# Font help please



## alrozac (Dec 20, 2012)

Hey guys! I have a customer that wants this font used on his shirts but I can't find the match. Tried what font is and what the font with no luck. Does anyone know what this font is or know of one that is close?

Thanks for any help!


----------



## Twisted Grafix (Oct 5, 2016)

Try:

AF Generation ZaZ Bold and then manipulate it with the envelope tool (Corel) to skew it.


----------



## Ripcord (Sep 2, 2006)

The perspective tool (CorelDraw) will also achieve this effect.


----------



## inkshirt (May 7, 2016)

WhatTheFont! « MyFonts this site could help you Id the type of font .


----------



## into the T (Aug 22, 2015)

they already tried what the font

it reminds me of an arcade font, but i can't think of the name/game

try bolster bold


----------



## davidshaw (Oct 24, 2017)

into the T said:


> they already tried what the font
> 
> it reminds me of an arcade font, but i can't think of the name/game
> 
> try bolster bold


WhatTheFont has an excellent font forum, they have always managed to identfy fonts for me and really quickly.

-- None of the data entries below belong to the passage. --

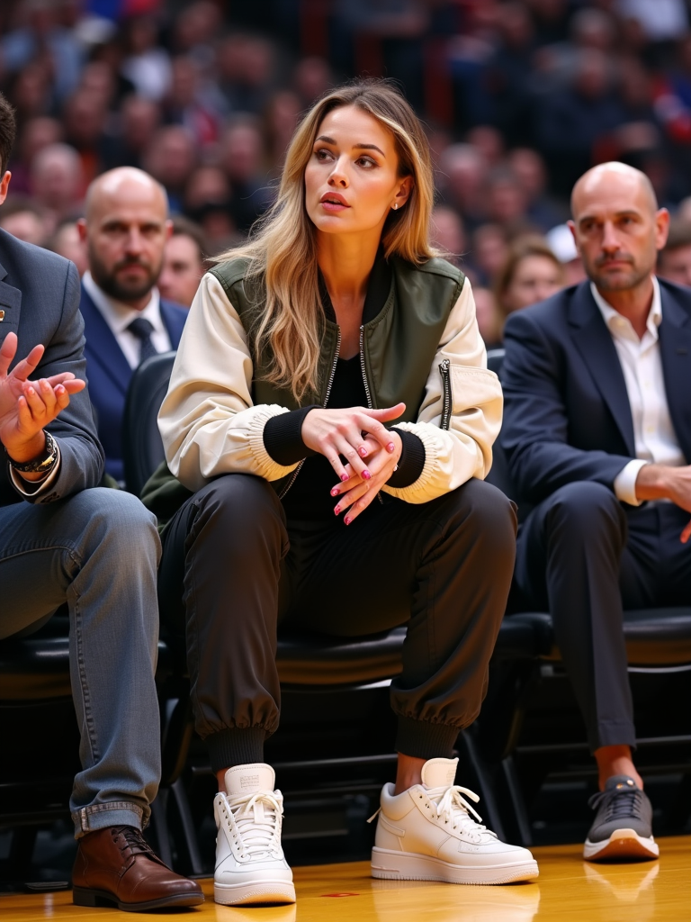 A celebrity attending a courtside NBA game, sitting in premium seats, clapping and reacting to an intense play. The model is wearing a chic sporty outfit with a stylish bomber jacket and luxury sneakers . The electric atmosphere of the game is visible in the background.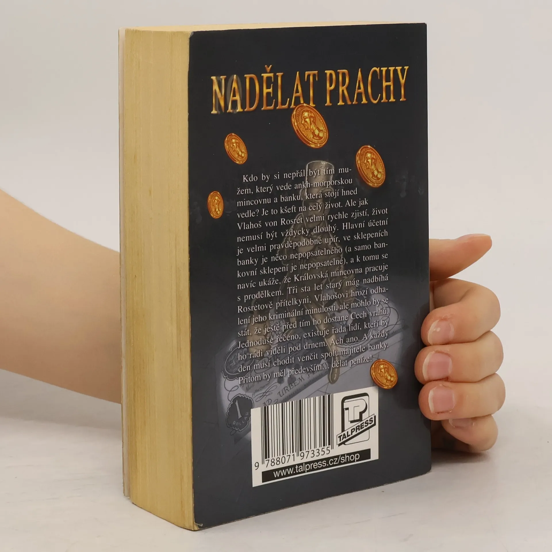 Kdo by si nepřál být tím mužem, který vede ankh-morporskou mincovnu a banku, která stojí hned vedle? Je to kšeft na celý život. Ale jak Vlahoš von Rosret velmi rychle zjistí, život nemusí být vždycky dlouhý. Hlavní účetní je velmi pravděpodobně upír, ve sklepeních banky je něco nepopsatelného (a samo bankovní sklepení je nepopsatelné), a k tomu navíc se ukáže, že Královská mincovna pracuje s prodělkem. Tři sta let starý mág nadbíhá Rosretově přítelkyni, Vlahošovi hrozí odhalení jeho kriminální minulosti, ale mohlo by se stát, že ještě před tím ho dostane Cech vrahů. Jednoduše řečeno, existuje řada lidí, kteří by ho rádi viděli pod drnem. Ach ano. A každý den musí chodit venčit spolumajitele banky. Přitom by měl především... dělat peníze! Úžasná Zeměplocha, kniha 32., přeložil Jan Kantůrek.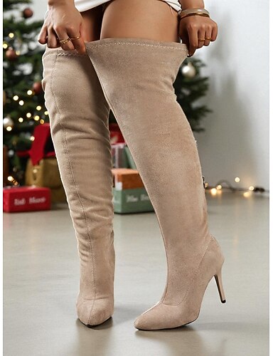 Dámské khaki elastické kozačky nad kolena, špičaté kozačky na jehlovém podpatku s ostrou špičkou, stylová slim fit zimní módní obuv pro dámské párty, do klubu &večerní outfity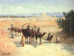 Caravane Au Bord D'un Oued (+ Personnages Au Bord De L'eau; Pair)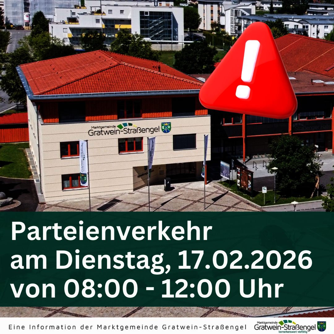 Liebe Bürger*innen, am Faschingsdienstag, 17.02.2026 steht Ihnen der Parteienverkehr vormittags von 8-12 Uhr zur Verfügung. Nachmittags bleibt das Gemeindeamt für den Parteienverkehr geschlossen!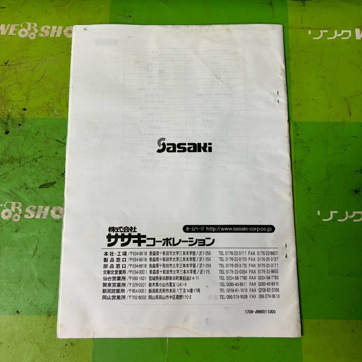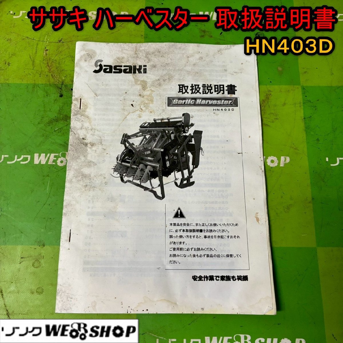 青森 七戸店 ササキハーベスター 取扱説明書 HN403D トリセツ 取説 東北 中古品
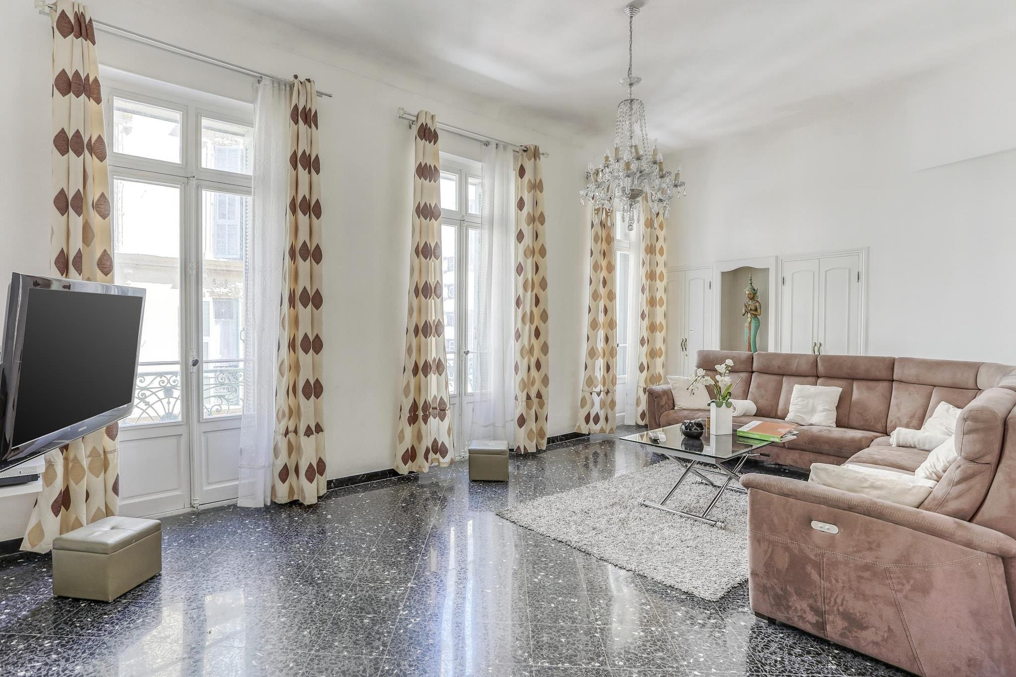 Rummelig lejlighed med aircondition i gåafstand fra stranden i Nice. Lejligheden er beliggende i centrum af Nice, omgivet af en række attraktioner. Vieux Nice er den gamle bydel og også det kæmpende hjerte af denne badeby. Smukke kirker, smalle gader med butikker og restauranter, pladser med springvand og terrasser, vil du finde alt her. I lejligheden, som ligger på anden sal i en elegant bygning, med en rummelig stue med sofa (sovesofa til 2 personer) og flad. Der er 2 soveværelser og et badeværelse. Ideelt set dette sted at nyde stranden og kultur. En dag Italien: Du er så med tog.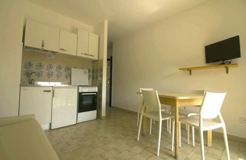 Layout: Living room(double sofa bed, TV), Kitchenette(cooker(gas), microwave, fridge), bedroom(double bed), bathroom(bathtub or shower, washbasin, toilet), balcony or terrace, heating, air conditioning, garden furniture, swimming pool(shared with other guests, 5 x 4 m opened from May upto and including Sep)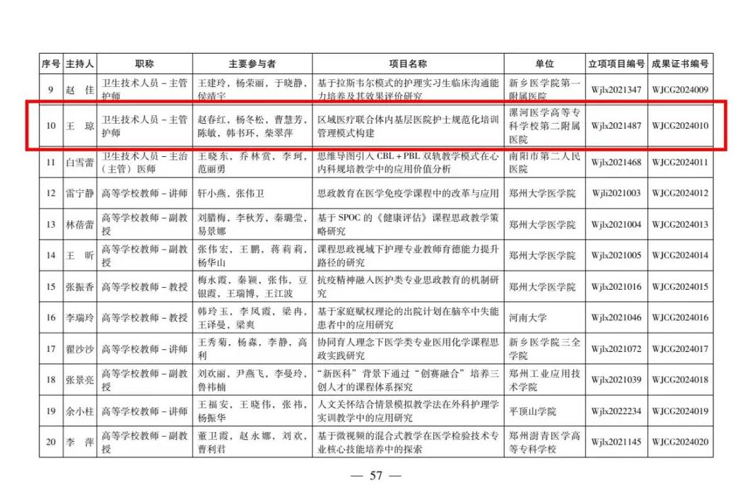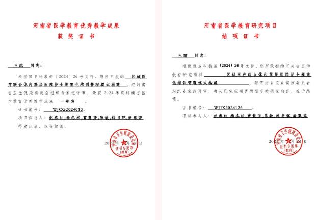 近日,河南省衛(wèi)生健康委員會下發(fā)了《關(guān)于公布2024年河南省醫(yī)學(xué)教育研究項(xiàng)目立項(xiàng)教學(xué)成果和優(yōu)質(zhì)課評選結(jié)果的通知》,由漯河市骨科醫(yī)院(漯河醫(yī)專二附院、漯河市立醫(yī)院)王瓊、趙春紅、楊冬松、曹慧芳、陳敏、韓書環(huán)、柴翠萍團(tuán)隊(duì)完成的《區(qū)域醫(yī)療聯(lián)合體內(nèi)基層醫(yī)院護(hù)士規(guī)范化培訓(xùn)管理模式構(gòu)建》項(xiàng)目完成結(jié)項(xiàng),被授予2024年河南省醫(yī)學(xué)教育優(yōu)秀教學(xué)成果一等獎(jiǎng)。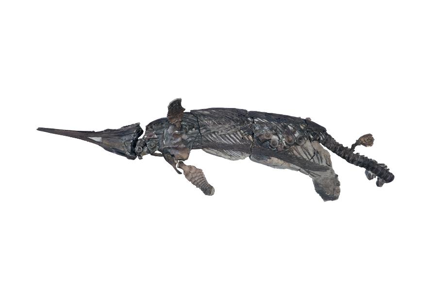 Skamieniałe szczątki smukłego trzymetrowego morskiego stworzenia o pysku długim jak miecz, z drobnymi zębami i potężnymi szczękami, zostały znalezione na wybrzeżu południowej Anglii. Zwierzę to otrzymało nazwę Xiphodracon goldencapensis – od greckich słów xiphos (miecz) i drakon (smok) – co doskonale oddaje jego wygląd. To najbardziej kompletny okaz ichtiozaura z pliensbachu (wczesna jura), jaki kiedykolwiek odkryto (zachował się w osadach formacji Charmouth). Wyróżnia się wyjątkową anatomią: miał kość łzową – niewielki element czaszki położony między oczodołem a nozdrzami – zaopatrzoną w charakterystyczne wypustki, które prawdopodobnie wzmacniały przednią część pyska lub stanowiły miejsce przyczepu tkanek miękkich. Jego szczęka była niezwykle rozbudowana, tworząc niemal cały dolny brzeg nozdrzy, podczas gdy u większości ichtiozaurów ten fragment budowało kilka różnych kości. To rzadkie rozwiązanie świadczy o wyspecjalizowanej budowie pyska tego gatunku. Na jego kościach zachowały się również ślady urazów – złamania, martwicze zmiany i zniekształcone zęby – sugerujące burzliwe życie i możliwe starcia z większymi drapieżnikami. (ji)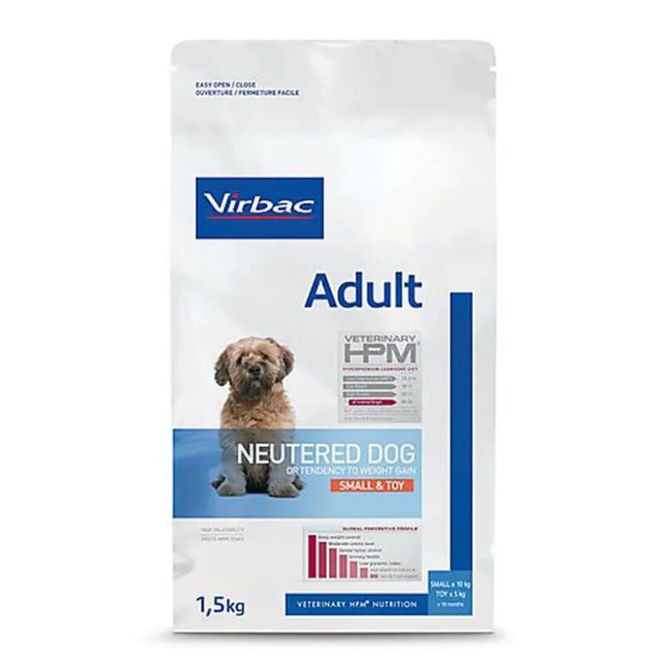 L’aliment Veterinary HPM Adult Neutered Dog Small & Toy est destiné au chien de petite race stérilisé, à partir de 10 mois.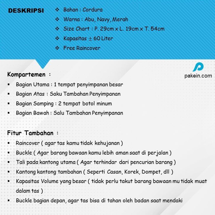 Pakein Tas Carrier 60 Liter Tas Gunung Keril 60L Backpack Hiking 32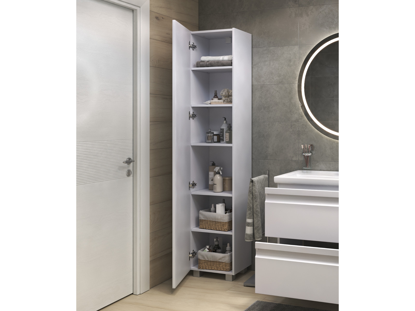 Оснащение: 1 дверца; 5 полок ЛДСП, петли с механизмом доводчика, 4 опоры квадратные регулируемые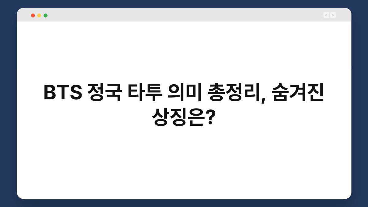 BTS 정국 타투 의미 총정리, 숨겨진 상징은?

https://www.myfonts.com/WhatTheFont/forum/


----------------------------------------
T-shirt Printing


----------



## Ripcord (Sep 2, 2006)

Try Kimberley Black for the font


----------



## davidshaw (Oct 24, 2017)

Ripcord said:


> Try Kimberley Black for the font


I do belive you're right! Well done 

---------------------------------------
Krowmark.com


----------



## alrozac (Dec 20, 2012)

Thank you for all your help.  Kimberly Black is just about bang on - big thank you Ripcord!!! I think because it was tweaked the font recognizing sites could not get it.


----------